This exercise requires an exact output of the listing, images omitted.

BEGIN

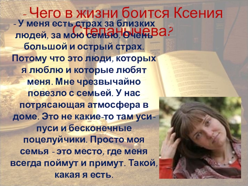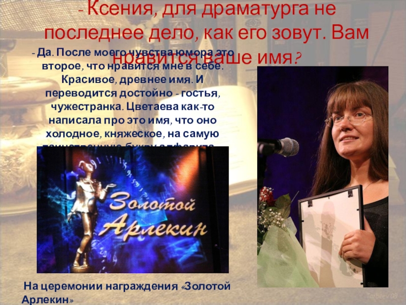 - Да. После моего чувства юмора это второе, что нравится мне в себе. Красивое, древнее имя. И переводится достойно - гостья, чужестранка. Цветаева как-то написала про это имя, что оно холодное, княжеское, на самую таинственную букву алфавита – «икс».
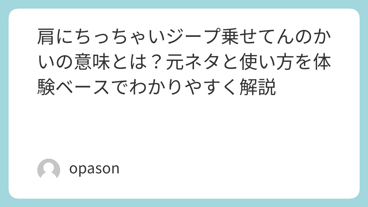 もし今、「肩にちっちゃいジープ乗せてんのかいって何?」と気になっているなら、答えはシンプルです。
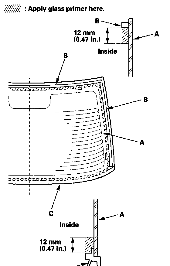 17. With a sponge, apply a light coat of glass primer along the edge of the rear window (A) between the dams (B) and molding (C) as shown, then lightly wipe it off with gauze or cheesecloth:
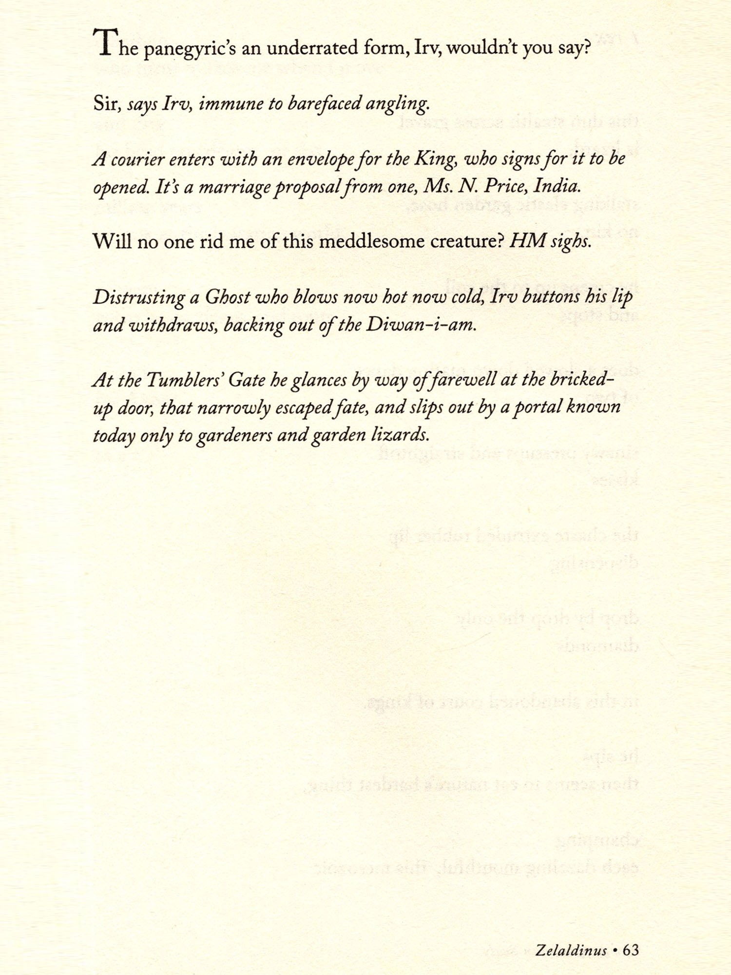 On a camel's back hill beyond Agra stands a redstone citadel altogether different from the white marble Taj Mahal. Fatehpur Sikri is the capital Akbar built to honour the saint who foretold the birth of his first son. In the inner court of the king's palace is a broad stone terrace with a chequered pattern that resembles a game board. Here, accounts say. Akbar played a kind of chess using human preces from his harem of three hundred. Costumed in various guises. ises, his women would have presented lively masques upon this stage. Zelaldinus mounts such a pageant, glittering and fantastical, where past and present, nobles and commoners, history and fiction rub shoulders. Its variety of verse and prose forms evoke the carnival spirit of a masque. Underlying the depiction of a rich and varied court life at Sikri are reflections on kingship. a meditation on fathers and sons, and a plot within a plot that tells a crackling story of love across the Pakistan border-while through it all strides the nimble ghost of Akbar himself.
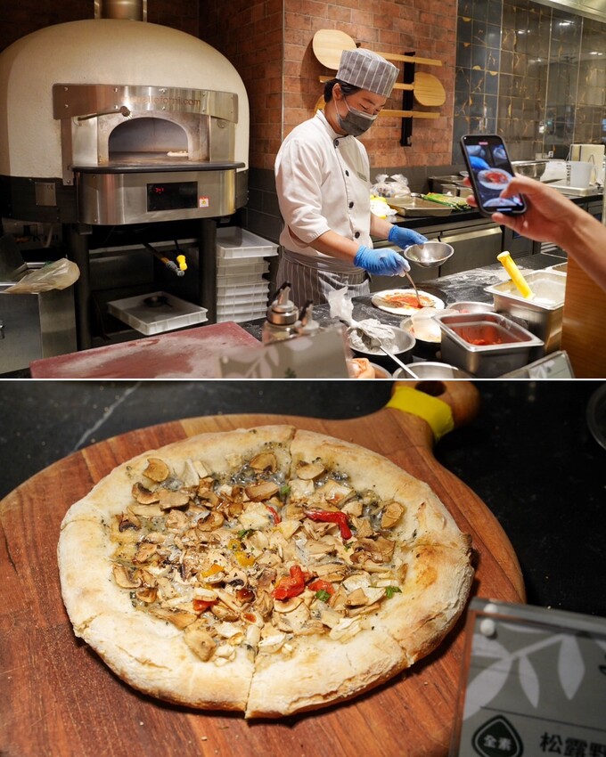 歐陸異國料理區有現炒義大利麵、現烤pizza、香煎猴頭菇、炙燒焦糖葡萄柚、熟食料理、湯品等等,這區食物是我當天最喜歡的一區。

END

Result for this task:
 - Да. После моего чувства юмора это второе, что нравится мне в себе. Красивое, древнее имя. И переводится достойно - гостья, чужестранка. Цветаева как-то написала про это имя, что оно холодное, княжеское, на самую таинственную букву алфавита – «икс».
 もし今、「肩にちっちゃいジープ乗せてんのかいって何?」と気になっているなら、答えはシンプルです。
 17. With a sponge, apply a light coat of glass primer along the edge of the rear window (A) between the dams (B) and molding (C) as shown, then lightly wipe it off with gauze or cheesecloth:
 On a camel's back hill beyond Agra stands a redstone citadel altogether different from the white marble Taj Mahal. Fatehpur Sikri is the capital Akbar built to honour the saint who foretold the birth of his first son. In the inner court of the king's palace is a broad stone terrace with a chequered pattern that resembles a game board. Here, accounts say. Akbar played a kind of chess using human preces from his harem of three hundred. Costumed in various guises. ises, his women would have presented lively masques upon this stage. Zelaldinus mounts such a pageant, glittering and fantastical, where past and present, nobles and commoners, history and fiction rub shoulders. Its variety of verse and prose forms evoke the carnival spirit of a masque. Underlying the depiction of a rich and varied court life at Sikri are reflections on kingship. a meditation on fathers and sons, and a plot within a plot that tells a crackling story of love across the Pakistan border-while through it all strides the nimble ghost of Akbar himself.
 歐陸異國料理區有現炒義大利麵、現烤pizza、香煎猴頭菇、炙燒焦糖葡萄柚、熟食料理、湯品等等,這區食物是我當天最喜歡的一區。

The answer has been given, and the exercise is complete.